Il motivo – che, a prescindere dalla sua rubricazione come vizio della motivazione, va riqualificato, con riferimento al suo contenuto sostanziale, ai sensi dell’art. 360, comma 1, num. 4, cod. proc. civ., integrando un’ipotesi di omessa pronuncia del giudice a quo – è fondato e va accolto.

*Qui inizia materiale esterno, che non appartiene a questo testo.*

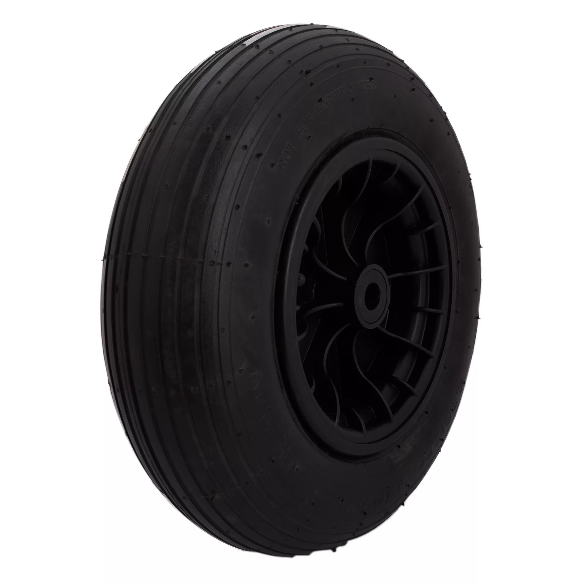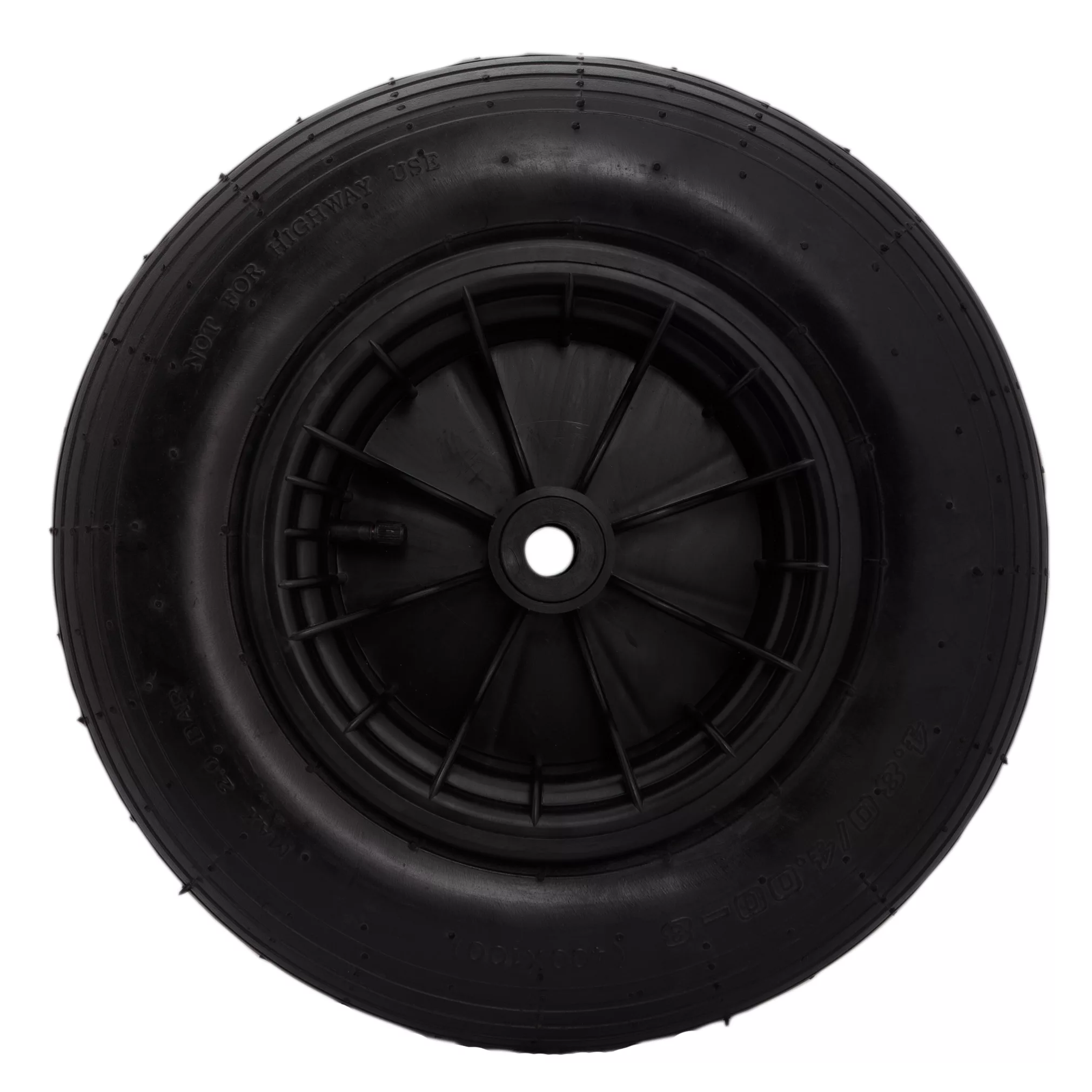 Pneumatic rubber wheel ideal for high performance trolley applications. High performance rubber offers excellent rolling quality, shock absorbency and are excellent for use on uneven ground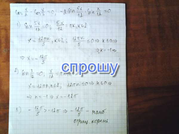 Cos x/2-cos x/3 = 0 в ответ запишите наибольший отрицательный корень уравнения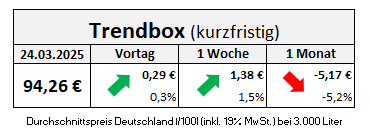 Dennoch ist die Abwärtsbewegung, die sich seit Ende Februar durchgesetzt hatte, offenbar erst einmal vorbei. Am 11. März erreichten die Preisniveaus im Bundesgebiet mit durchschnittlich 92,35 Euro pro 100 Liter ihren bisherigen Jahrestiefststand. Diesen konnten sie seitdem nicht mehr unterschreiten und stiegen dann letzte Woche erstmals wieder etwas deutlicher an. Heute muss im Vergleich zum 11. März mit einem Aufschlag von fast 2 Euro gerechnet werden.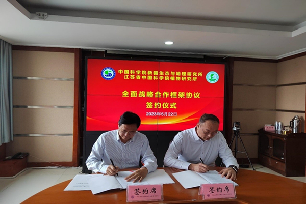 双方围绕干旱区植物种质资源收集保育、援疆资源利用、国家植物园建设、植物保护与利用等方面进行了深入交流,并签订了全面战略合作框架协议。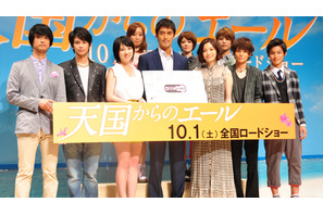 映画『天国からのエール』が10月1日(土)に公開を迎え、主演の阿部寛を始めミムラ、桜庭ななみ、矢野聖人、森崎ウィン、野村周平と熊澤誓人監督が舞台挨拶に登壇した。主人公のモデルとなった故・仲宗根陽さんの妻・美幸さんもゲストとして登場しキャストやスタッフへの感謝の思いを綴った手紙を朗読。劇場は深い感動に包まれた。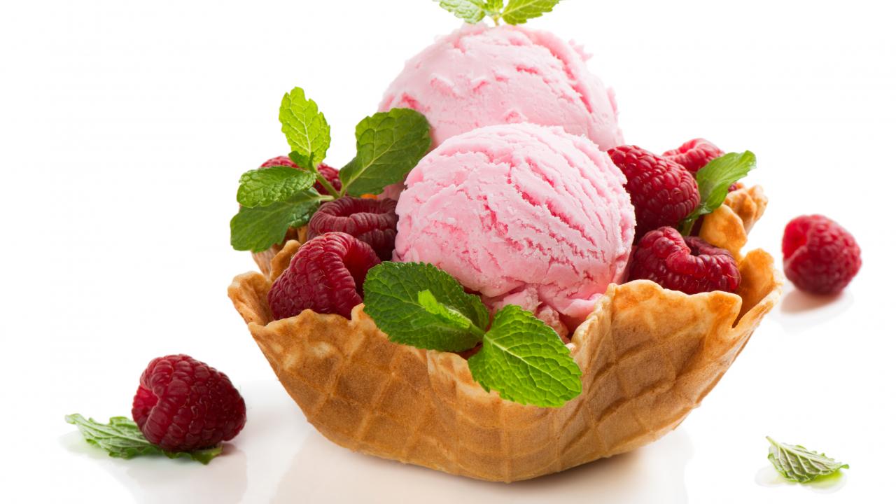 Обои Малиновое мороженое с ягодами в вафельной корзинке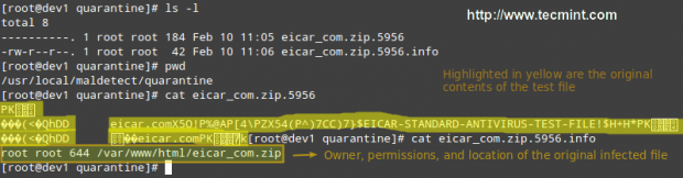 Linux恶意软件扫描报告其中021015-1051.3559是SCANID(SCANID与你的实际结果会略有不同)。 重要提示:请注意:由于eicar.com文件下载了两次(因而导致eicar.com和eicar.com.1),LMD发现了5次袭击。 如果你检查隔离文件夹(我只留下了一个文件,删除了其余文件),我们会看到下列结果: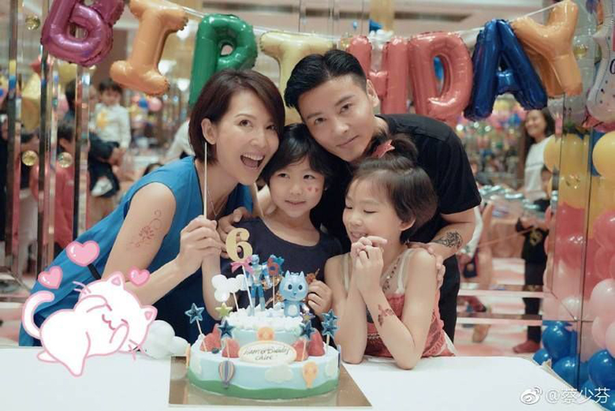 蔡少芬、张晋育有一对女儿,一家四口生活幸福美满。

Infatti – come risulta sia dalla trascrizione, nel ricorso, di parte dell’appello, sia dallo stesso controricorso- l’Ufficio appellante aveva introdotto la questione dell’effettivo importo dell’i.r.a.p. versata dal contribuente, e quindi da rimborsare a quest’ultimo, assumendo che esso fosse inferiore a quello domandato e riconosciuto in primo grado, e lo stesso contribuente, nelle proprie controdeduzioni in appello, aveva riconosciuto di avere diritto ad un rimborso minore di quello richiesto nell’istanza originaria. Pertanto il giudice a quo, confermato l’an del credito da rimborsare, avrebbe dovuto provvedere sulla questione, accertandone l’effettivo quantum, ciò che non è avvenuto.
La sentenza impugnata va quindi cassata. Poiché, pur concordando entrambe le parti che il credito da rimborsare al contribuente sia inferiore a quello domandato e riconosciuto dalla sentenza di primo grado, le cifre da ciascuna rispettivamente indicate non sono conformi, la determinazione del quantum debeatur richiede un accertamento in fatto che non è possibile in questa sede e va rimesso al giudice a quo.
P.Q.M.
Accoglie il secondo motivo di ricorso nei termini di cui in motivazione; rigetta il primo motivo di ricorso;
cassa la sentenza impugnata in relazione al motivo accolto; rinvia alla Commissione tributaria regionale dell’Umbria, in diversa composizione, cui demanda di provvedere anche sulle spese del giudizio di legittimità.